When the data below is printed, every line must match exactly and the images must be absent.

## RECORDED DATA
[Start of section]

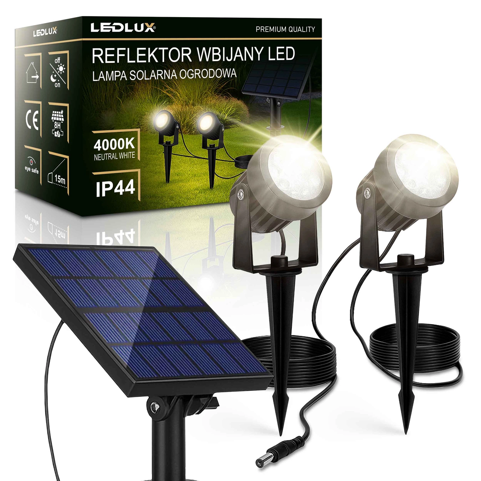 ▪️ Dwie mocne głowice LED – kierunkowe podświetlenie zieleni i architektury
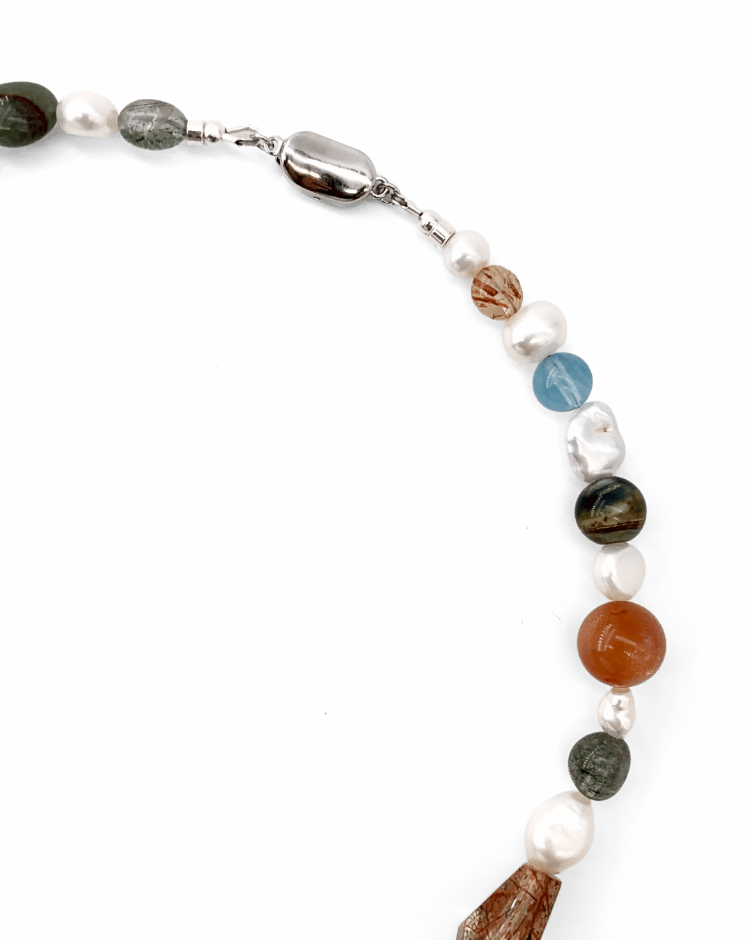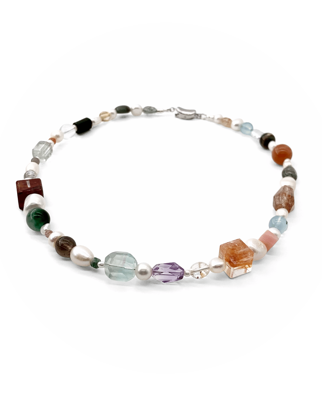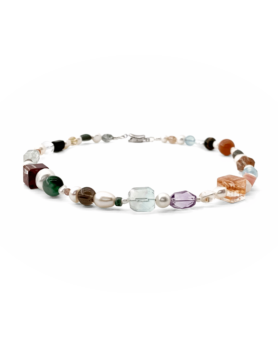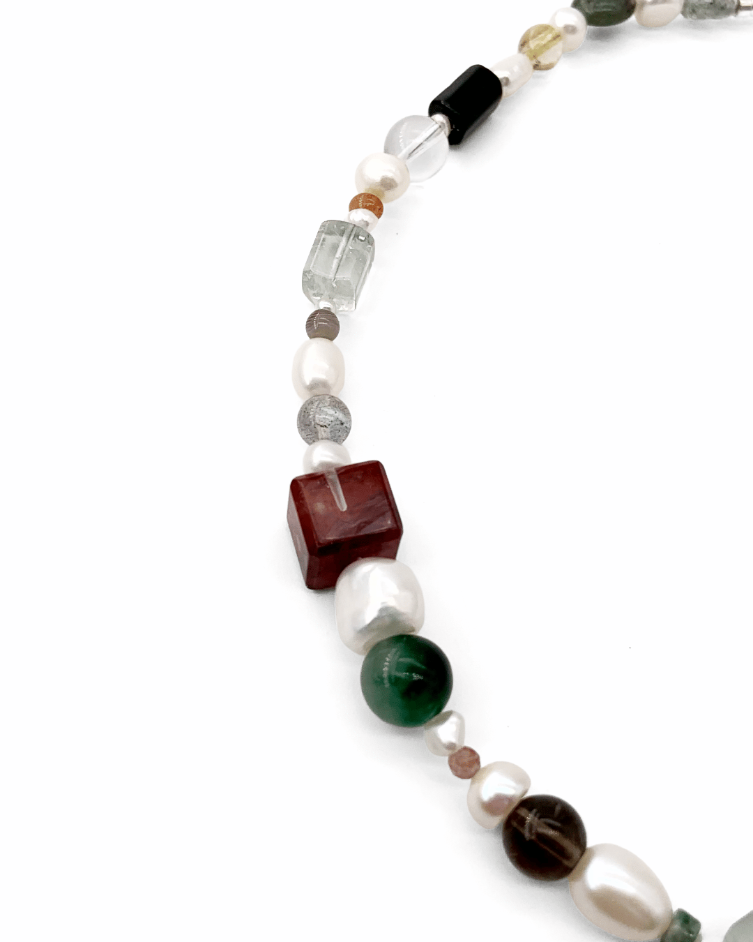 Centered around crystals and paired with pearls of varying sizes and shapes, each crystal reveals its own unique cut and hue. Their interwoven arrangement creates a natural and irregular beauty.
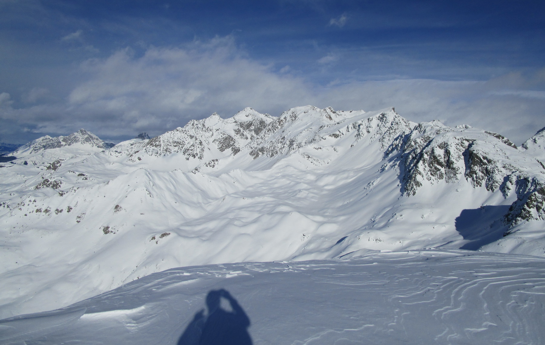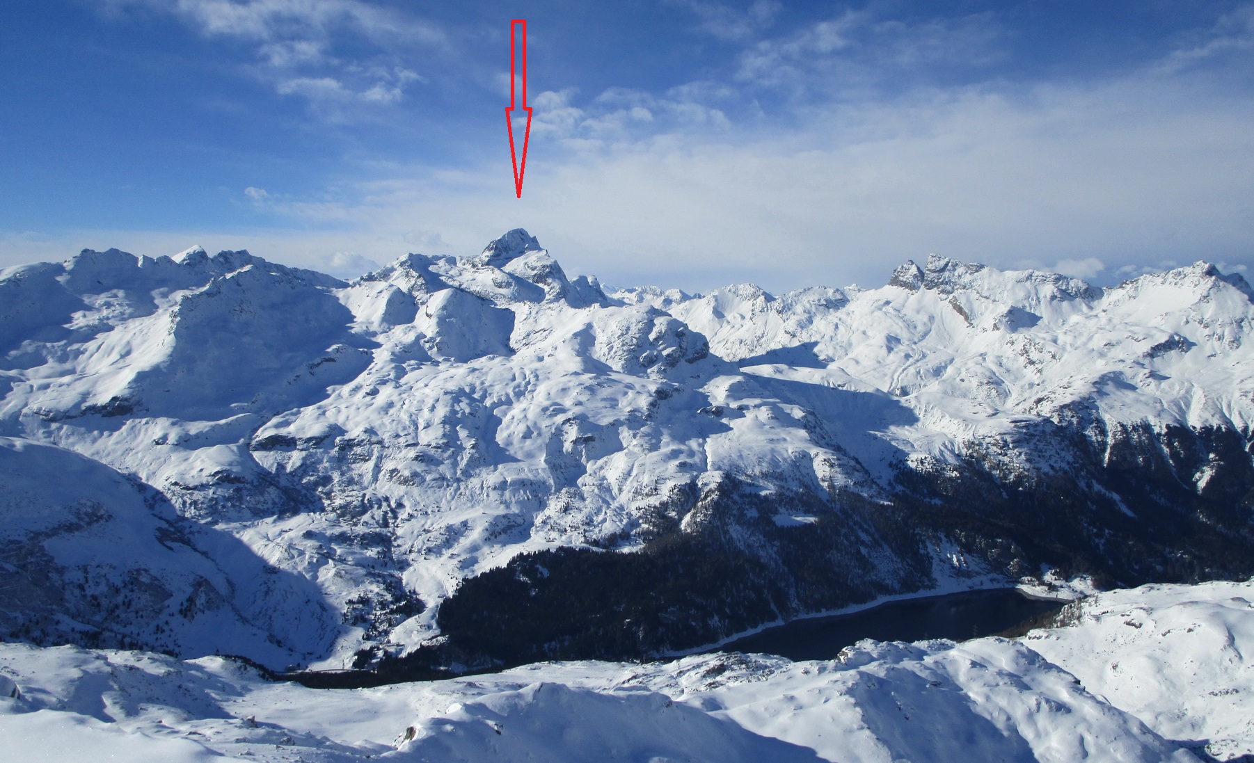 Púšťam sa do prvého zjazdu. Ďalším cieľom je Campagnung. Je to známy kopec. Taká tutovka ktorá sa dá ísť aj keď je veľa čerstvého snehu. Na vrchole sa nezdržujem. Odliepam hneď pásy a po krátkom zjazde znovu nalepujem. Čaká ma kopec s netypickým názvom: P3000, aspoň tak som to vyčítal v skialpovom sprievodcovi Engadinu. Je v ňom (sprievodcovi) ináč 400 vrcholových cieľov pre skialpinistov... hmm no iný kraj

[End of section]

## OUTPUT BELOW
 ▪️ Dwie mocne głowice LED – kierunkowe podświetlenie zieleni i architektury
 Centered around crystals and paired with pearls of varying sizes and shapes, each crystal reveals its own unique cut and hue. Their interwoven arrangement creates a natural and irregular beauty.
 Púšťam sa do prvého zjazdu. Ďalším cieľom je Campagnung. Je to známy kopec. Taká tutovka ktorá sa dá ísť aj keď je veľa čerstvého snehu. Na vrchole sa nezdržujem. Odliepam hneď pásy a po krátkom zjazde znovu nalepujem. Čaká ma kopec s netypickým názvom: P3000, aspoň tak som to vyčítal v skialpovom sprievodcovi Engadinu. Je v ňom (sprievodcovi) ináč 400 vrcholových cieľov pre skialpinistov... hmm no iný kraj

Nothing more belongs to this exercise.